NEW YORK: US natural gas futures climbed about 2% to a 10-week high on lower daily output and forecasts for hotter weather and higher demand over the next two weeks than previously expected.

That heat should prompt homes and businesses to crank up their air conditioners, which should push power generators to burn more gas to produce electricity to keep those air conditioners humming.

Analyst said that heat would likely come at the same time some liquefied natural gas (LNG) export plants exit maintenance reductions, which should boost the amount of gas flowing to the export plants.

Gas futures for July delivery on the New York Mercantile Exchange rose 6.8 cents, or 1.8%, to $3.919 per million British thermal units (mmBtu), putting the contract on track for its highest close since April 3 for a second day in a row.

That price increase came despite forecasts by some analysts that energy firms may have set another storage record with an eighth triple-digit injection during the week ended June 13.

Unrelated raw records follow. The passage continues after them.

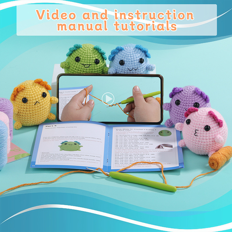 DIY crochet material pack – Salamander keychain, cute little pendant, colorful doll, small gift, for giving as a present, new style, hot sale
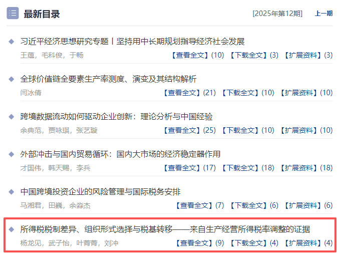 近日,中南财经政法大学财政税务学院叶菁菁教授(通讯作者)及其合作者(杨龙见,中央财经大学财政税务学院教授;武子怡,中国人民大学财政金融学院;刘冲,北京大学经济学院长聘副教授)的研究成果“所得税税制差异、组织形式选择与税基转移——来自生产经营所得税率调整的证据”在顶级期刊《经济研究》2025年第12期正式发表。
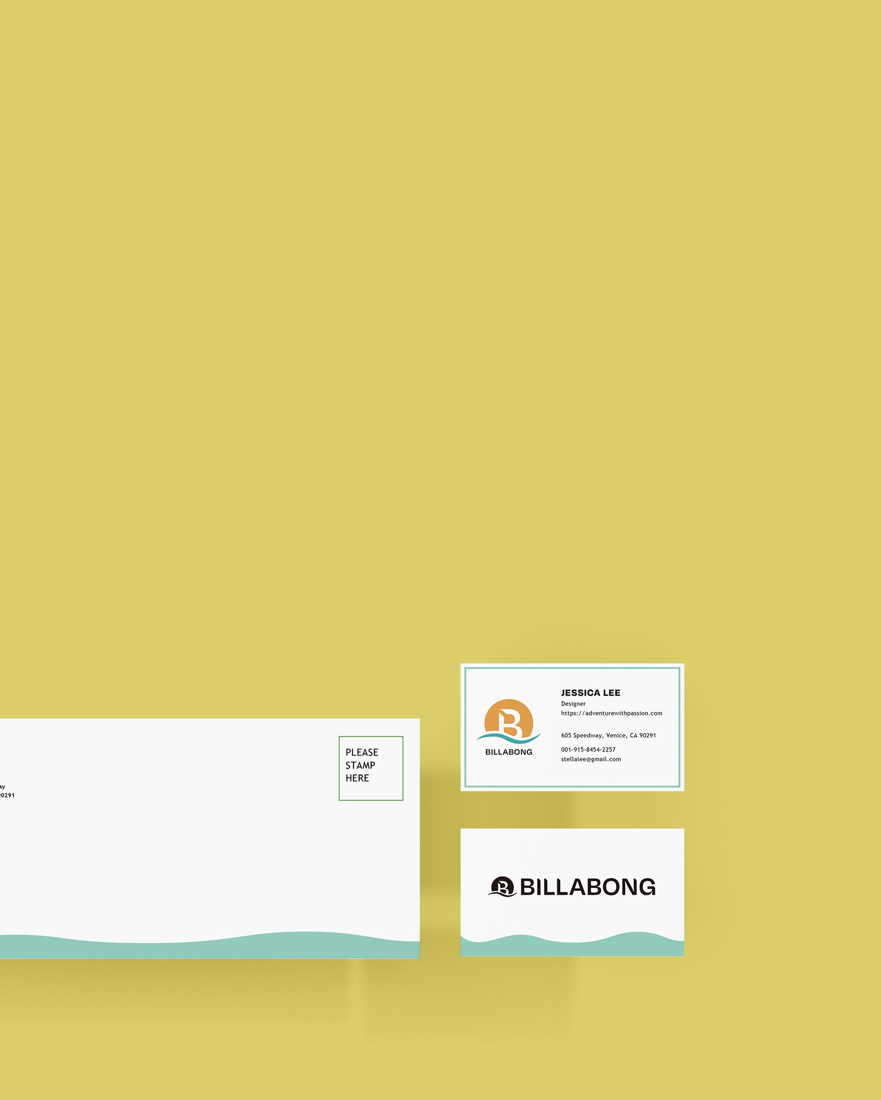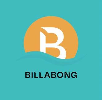 The logo is linked to the brand mission. The wavy lines at the bottom represent natural features such as ocean waves and rolling hills. The letter B above is the initials of the brand BILLABONG. A curved opening in the upper left corner of the letter B represents exploration, passion and joy. Because the brand originated from the story of surfing by the sea and the brand is closely related to nature, I chose blue and orange as the color scheme. It means the sun rising from the sea.
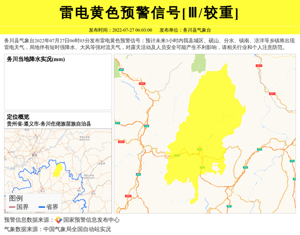 务川县气象台2022年07月27日06时03分发布雷电黄色预警信号:预计未来3小时内我县城区、砚山、分水、镇南、涪洋等乡镇将出现雷电天气,局地伴有短时强降水、大风等强对流天气,对露天活动及人员安全可能产生不利影响,请相关行业和个人注意防范。 信息来源:国家预警信息发布中心; 发布单位:务川县气象台。
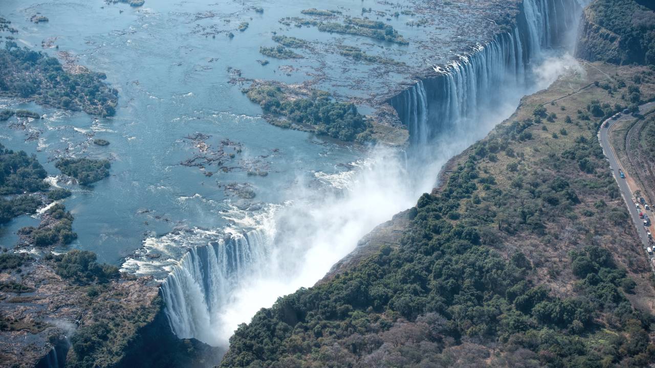 A poucos centímetros do precipício, turistas se debruçam sobre a borda e encaram a queda d’água mais larga do planeta. A Devil’s Pool é uma piscina natural formada na crista das Cataratas Vitória, no lado zambiano da fronteira com o Zimbábue. Quem entra ali nada sobre basalto de 180 milhões de anos, separado do abismo apenas por uma fina barreira de rocha.
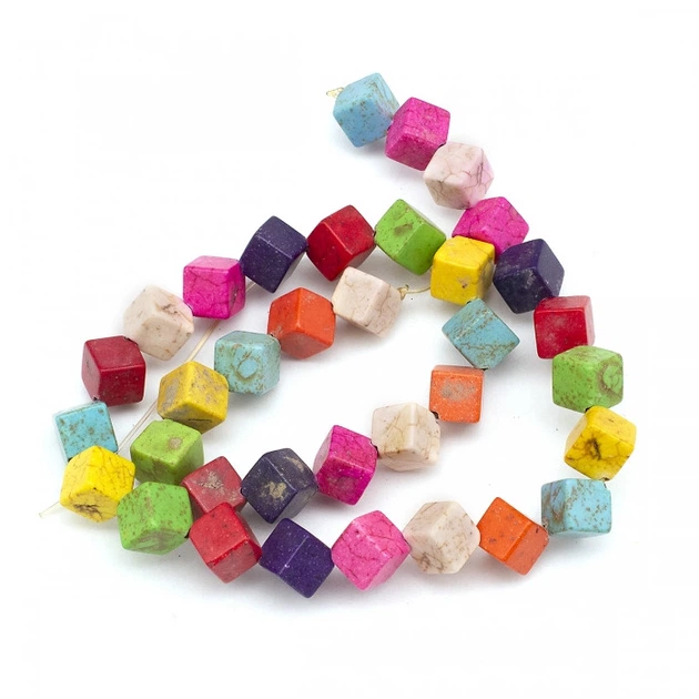 Намистини Синтетична Бірюза Кубики, Пофарбовані, Мікс, 12х12х8мм, Отвір 1мм, близько 35шт/39см/нитка
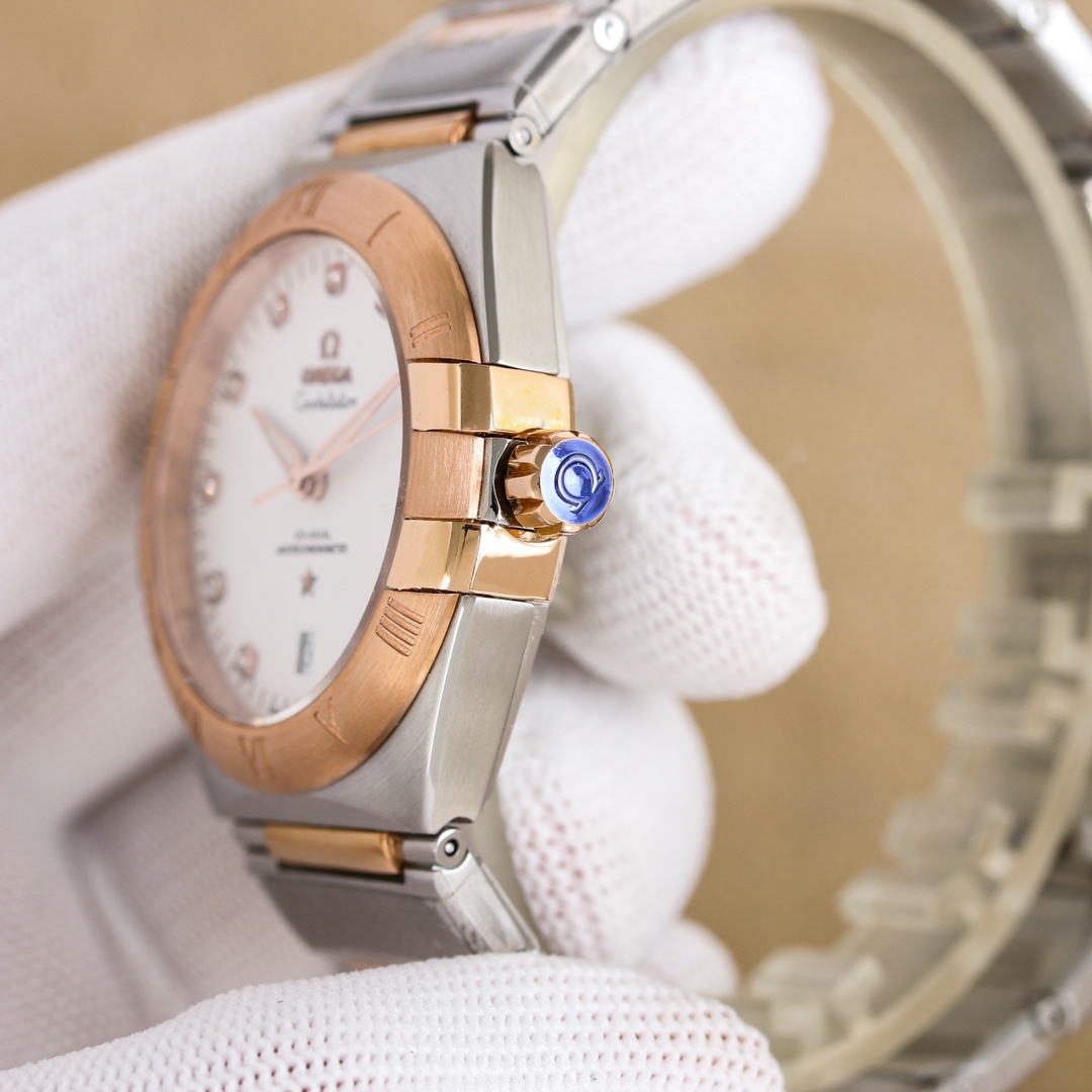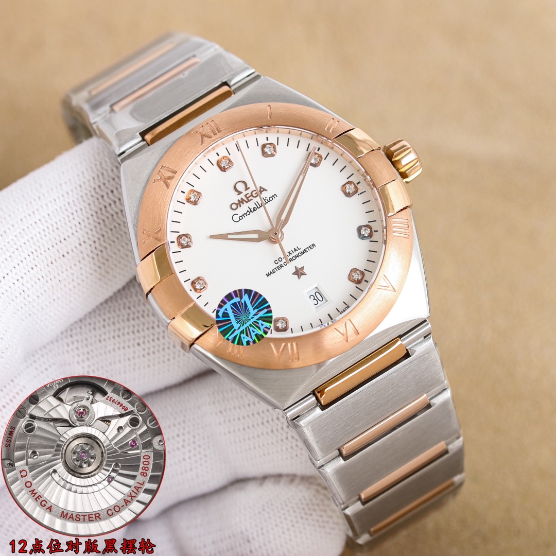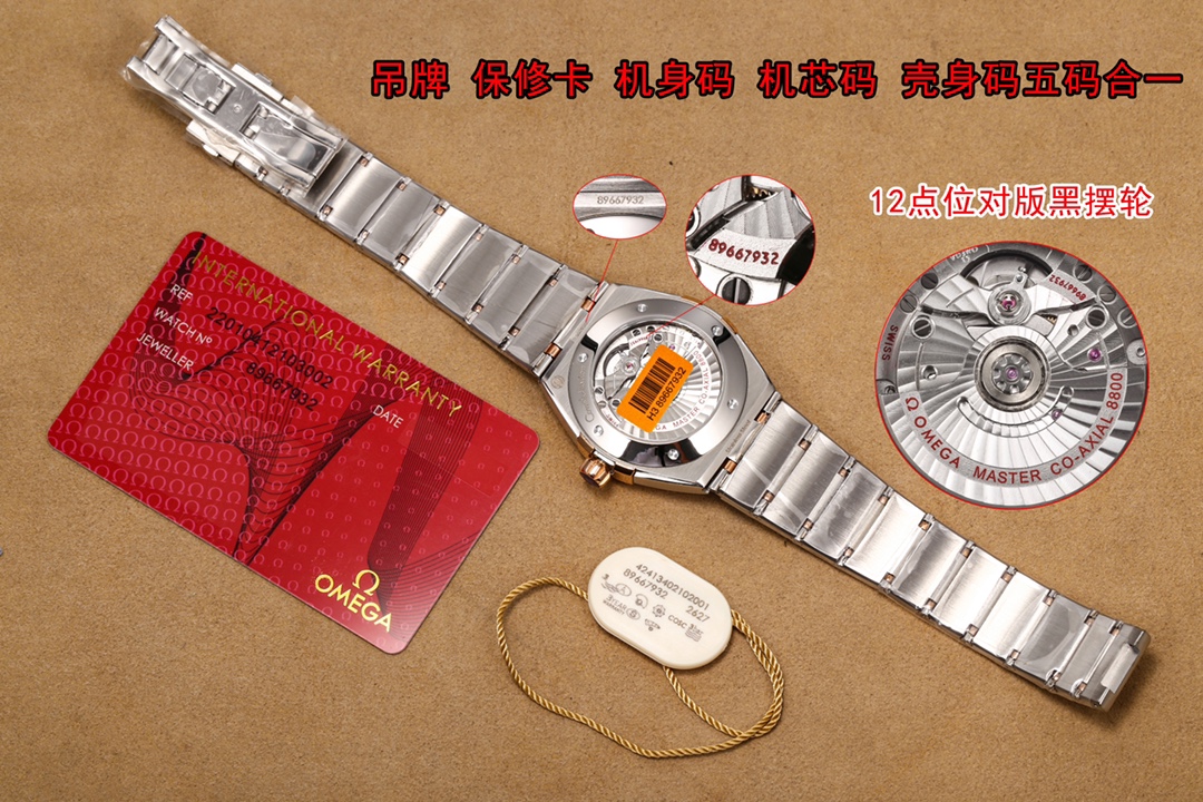 这款手表是AAAAA 1:1 质量 (非常棒). 使用了和原版一模一样的材料. 商标部分也保持了和欧米茄/Omega一样. 图片拍摄是实物手表拍摄, 您所收到的实物保证和我们图片一模一样.

The average estimate of most analysts, however, was that energy firms added a slightly smaller 98 billion cubic feet (bcf) of gas into storage, which is still much bigger than the 72-bcf normal for this time of year and the 72 bcf injected during the same week last year.

The US Energy Information Administration will release the June 13 storage report a day earlier than usual on Wednesday, June 18, due to the US Juneteenth holiday on Thursday, June 19. During the prior week ended June 6, energy firms added 100 bcf or more of gas into storage for a seventh week in a row, tying the seven-week triple-digit injection record set in June 2014, according to federal energy data going back to 2010.

So far this year, energy firms have pulled a monthly record high of 1.013 trillion cubic feet of gas out of storage in January when brutally cold weather boosted heating demand and added a monthly record high of 497 bcf into storage in May when mild weather kept both heating and cooling use low, according to federal energy data. The prior all-time monthly injection high was 494 bcf in May 2015.